The preliminary allocation of the purchase price of $384 million, which includes
direct acquisition costs of $10 million, is as follows:
(Amounts in millions)
Fair value of property and equipment $ 98
Fair value of patents and trademarks 25
Other net assets acquired 42
Goodwill 219
------
Purchase price $ 384
======
Assigned useful lives are as follows:
Patents 13 years
Trademarks 40 years
Goodwill 40 years
The following unaudited pro forma statement of earnings of the Corporation gives
effect to the acquisition of Bahco as if the acquisition had occurred on January
1, 1998, after giving effect to certain adjustments for depreciation,
amortization, interest expense, and income taxes associated with the purchase
method of accounting as performed at the time of the acquisition.
For pro forma purposes, the Corporation's Unaudited Consolidated Statement of
Earnings for the thirteen weeks ended July 3, 1999, has been combined with the
Unaudited Combined Statement of Revenues and Direct Expenses of the Bahco Group
for the three months ended June 30, 1999, and the effects of pro forma
adjustments as set forth in the notes thereto.

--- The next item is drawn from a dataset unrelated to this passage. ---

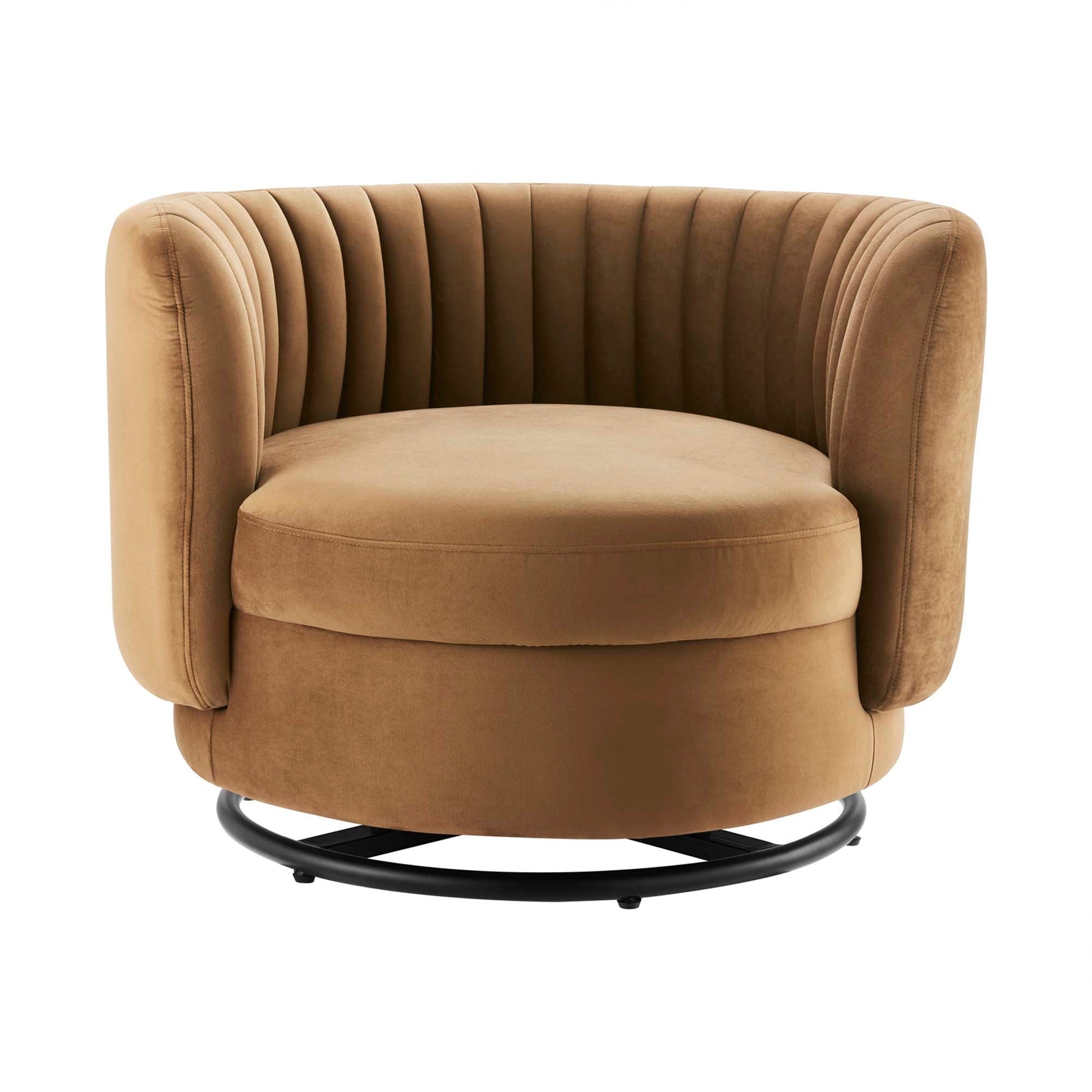 Relax amidst luxury with the Embrace Channel Tufted Performance Velvet Swivel Chair. Adorned with vertical channel tufting and a beautiful curved silhouette, this velvet accent chair brings vintage modern luxury and glam deco style to a living room, bedroom, entryway, home office, or seating area. This upholstered chair is covered in soft, stain-resistant performance velvet and is padded with dense foam and a spring support system to create a premium seating experience. Resting on a black metal swivel base, this swivel chair effortlessly maneuvers to suit the needs of the moment. Weight Capacity: 300 lbs.
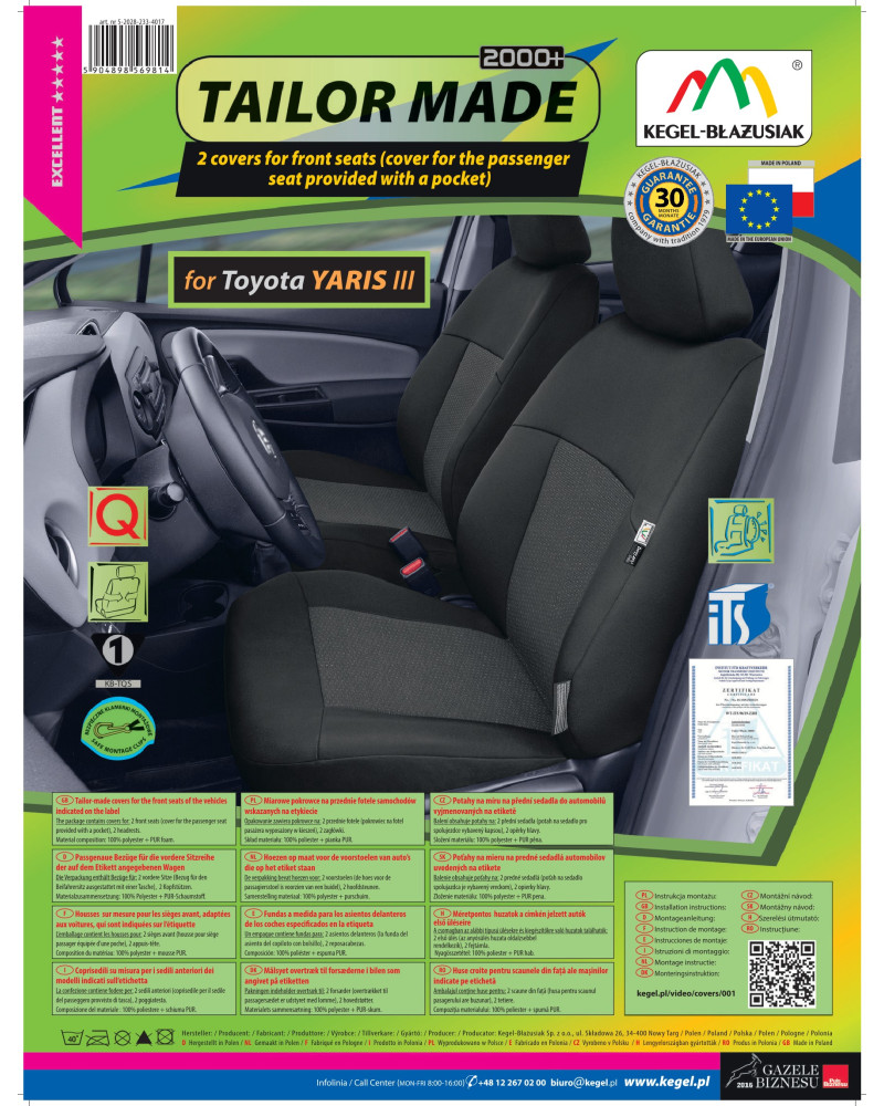Ako už bolo uvedené predtým, predná i zadná časť poťahu sú ušité zo silného, pevného čalúnnického materiálu. Poťahy majú nevyhnutné, uzatvárateľné otvory, ktoré umožňujú ich natiahnutie bez nutnosti vyťahovať opierky hlavy a zhotovovať ďalšie otvory. Prednosťou poťahov TAILORE MADE je to, že kryjú celý zadný povrch operadla. Vďaka tejto vlastnosti vyzerajú veľmi dobre tiež zozadu sedačky a zároveň ju chránia pred znečistením a poškodením (to je dôležité predovšetkým pre osoby, ktoré majú malé deti). Komplet je vybavený špeciálnymi plastovými sponami, do materiálu sú všité pripevnenia, čo s pomocou priloženého obrázkového návodu na obsluhu zaisťuje veľmi ľahkú inštaláciu. Poťahy možno bez obáv prať na 40° – podľa pokynov na štítku. Výrobok renomovanej firmy Kegel-Błażusiak, najväčšieho výrobcu a exportéra v odvetví autopoťahov a pracovných odevov. Vyrobené v Poľsku, predovšetkým z poľských surovín, dodržaním všetkých kvalitatívnych štandardov Európskej únie. Nákupom poťahov Kegel-Błażusiak podporujete poľskú ekonomiku a chránite poľské pracovné miesta a tiež máte istotu, že si kupujete výrobok najvyššej kvality.

For pro forma purposes, the Corporation's Unaudited Consolidated Statement of
Earnings for the twenty-six weeks ended July 3, 1999, has been combined with the
Unaudited Combined Statement of Revenues and Direct Expenses of the Bahco Group
for the six months ended June 30, 1999, and the effects of pro forma adjustments
as set forth in the notes thereto.
The following unaudited pro forma statements of earnings are based on historical
financial data and on assumptions and adjustments described in the notes
thereto. All such assumptions and adjustments are inherently subject to
significant uncertainty and contingencies. It can be expected that some or all
of the assumptions on which the following unaudited pro forma statements of
earnings are based will prove to be inaccurate. As a result, the unaudited pro
forma statements of earnings do not purport to represent what the Corporation's
results of operations would have been if the acquisition of Bahco had occurred
on January 1, 1998, and is not intended to project the Company's results of
operations for any future period. The final purchase price allocation, when
completed in 2000, will result in changes to the amount of recorded assets and
goodwill included as pro forma amounts.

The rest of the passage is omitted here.